(Beginning of GIVEN DATA)

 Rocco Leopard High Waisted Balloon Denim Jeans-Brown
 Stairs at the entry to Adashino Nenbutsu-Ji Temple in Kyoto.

(End of GIVEN DATA)
(Beginning of GIVEN DATA)

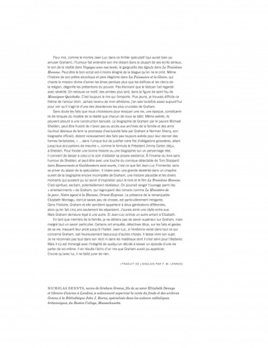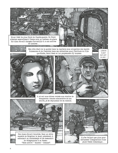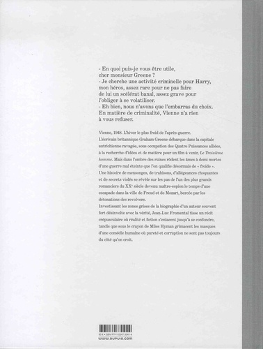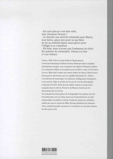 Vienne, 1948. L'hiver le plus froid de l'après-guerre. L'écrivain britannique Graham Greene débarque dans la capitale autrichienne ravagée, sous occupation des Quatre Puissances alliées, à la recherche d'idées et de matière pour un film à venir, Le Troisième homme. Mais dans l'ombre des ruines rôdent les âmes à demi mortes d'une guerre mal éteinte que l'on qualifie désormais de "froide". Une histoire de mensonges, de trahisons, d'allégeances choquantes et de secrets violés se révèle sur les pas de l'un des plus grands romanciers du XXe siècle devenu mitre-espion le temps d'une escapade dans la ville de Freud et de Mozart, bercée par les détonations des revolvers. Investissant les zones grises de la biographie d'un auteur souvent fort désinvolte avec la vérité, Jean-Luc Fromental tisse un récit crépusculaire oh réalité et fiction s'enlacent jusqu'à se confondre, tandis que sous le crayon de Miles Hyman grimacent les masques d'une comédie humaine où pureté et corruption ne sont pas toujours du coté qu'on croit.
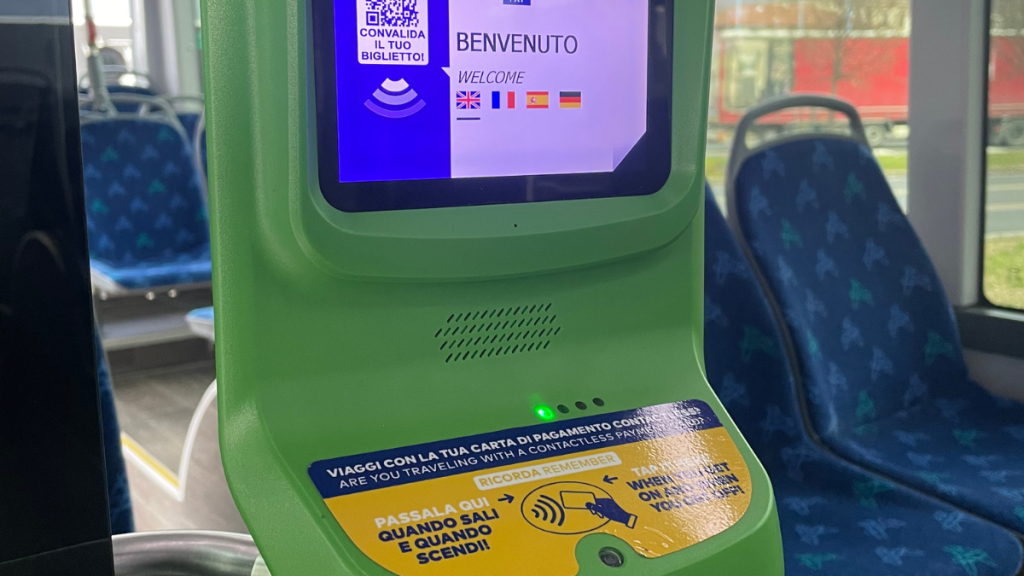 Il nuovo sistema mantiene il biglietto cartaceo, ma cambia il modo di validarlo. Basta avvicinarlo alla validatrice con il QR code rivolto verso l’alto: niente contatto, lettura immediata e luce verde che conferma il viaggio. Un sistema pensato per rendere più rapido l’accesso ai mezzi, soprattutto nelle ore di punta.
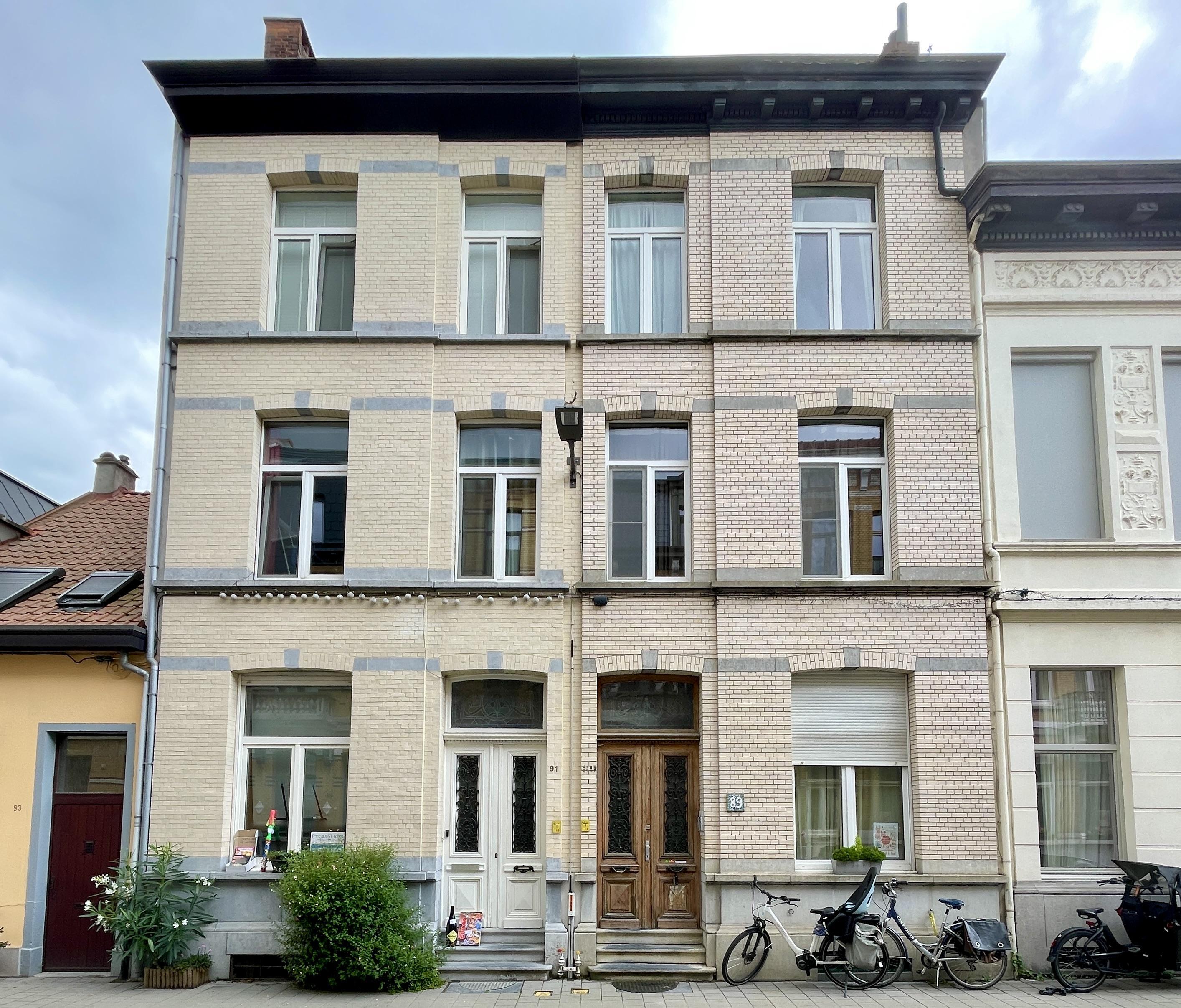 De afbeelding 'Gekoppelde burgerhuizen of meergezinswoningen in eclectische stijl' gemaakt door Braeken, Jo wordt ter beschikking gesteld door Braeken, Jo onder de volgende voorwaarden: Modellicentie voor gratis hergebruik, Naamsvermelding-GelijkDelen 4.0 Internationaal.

(End of GIVEN DATA)
(Beginning of GIVEN DATA)

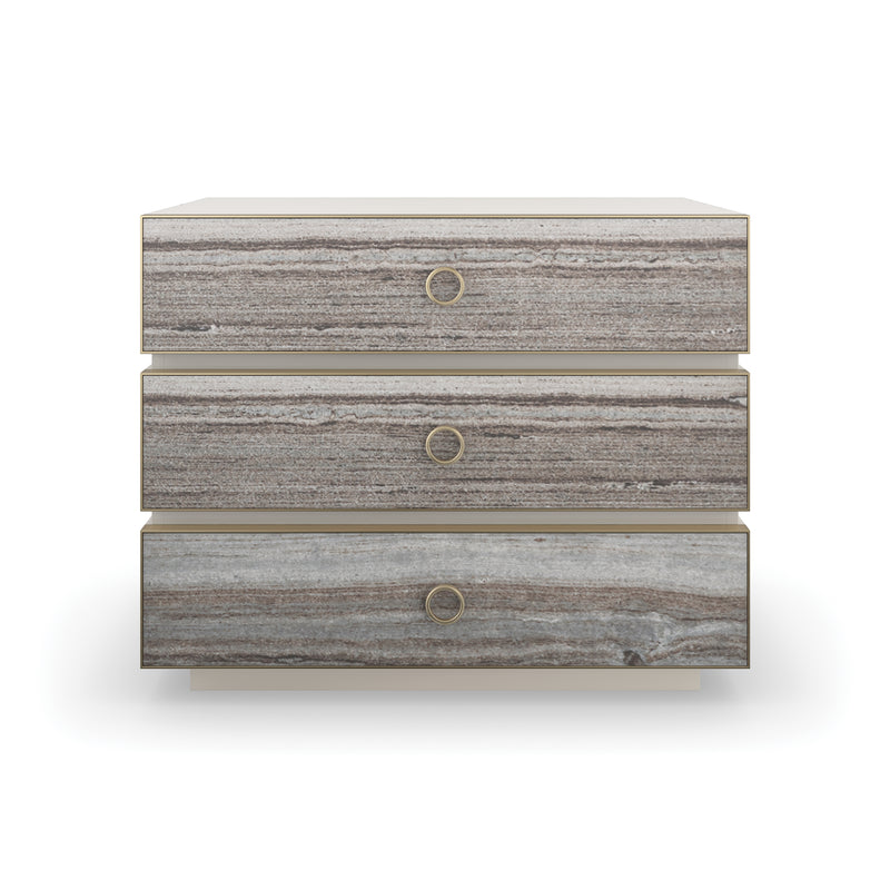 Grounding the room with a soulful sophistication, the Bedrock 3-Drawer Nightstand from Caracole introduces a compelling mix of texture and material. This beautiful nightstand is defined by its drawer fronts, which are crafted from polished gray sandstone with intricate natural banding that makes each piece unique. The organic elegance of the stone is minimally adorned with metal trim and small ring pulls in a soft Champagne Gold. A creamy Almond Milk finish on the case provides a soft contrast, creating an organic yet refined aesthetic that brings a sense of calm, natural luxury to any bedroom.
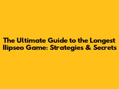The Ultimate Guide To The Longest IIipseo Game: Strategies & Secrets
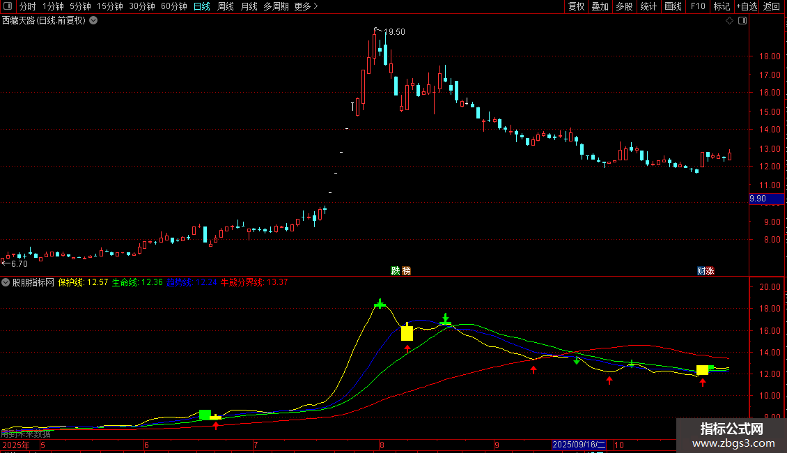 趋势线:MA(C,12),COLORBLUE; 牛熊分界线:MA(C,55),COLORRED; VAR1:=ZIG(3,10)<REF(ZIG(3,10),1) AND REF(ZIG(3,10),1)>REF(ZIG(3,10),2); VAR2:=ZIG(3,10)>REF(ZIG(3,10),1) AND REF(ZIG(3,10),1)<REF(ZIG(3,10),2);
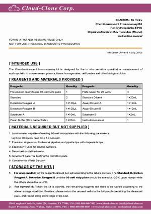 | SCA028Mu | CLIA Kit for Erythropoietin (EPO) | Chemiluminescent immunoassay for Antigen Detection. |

(End of GIVEN DATA)

Only the lines starting at the one that includes "The Ultimate Guide" and ending at the one that includes "Antigen Detection. |" should be retyped, exactly, from the records above; no pictures.

The Ultimate Guide To The Longest IIipseo Game: Strategies & Secrets
 趋势线:MA(C,12),COLORBLUE; 牛熊分界线:MA(C,55),COLORRED; VAR1:=ZIG(3,10)<REF(ZIG(3,10),1) AND REF(ZIG(3,10),1)>REF(ZIG(3,10),2); VAR2:=ZIG(3,10)>REF(ZIG(3,10),1) AND REF(ZIG(3,10),1)<REF(ZIG(3,10),2);
 | SCA028Mu | CLIA Kit for Erythropoietin (EPO) | Chemiluminescent immunoassay for Antigen Detection. |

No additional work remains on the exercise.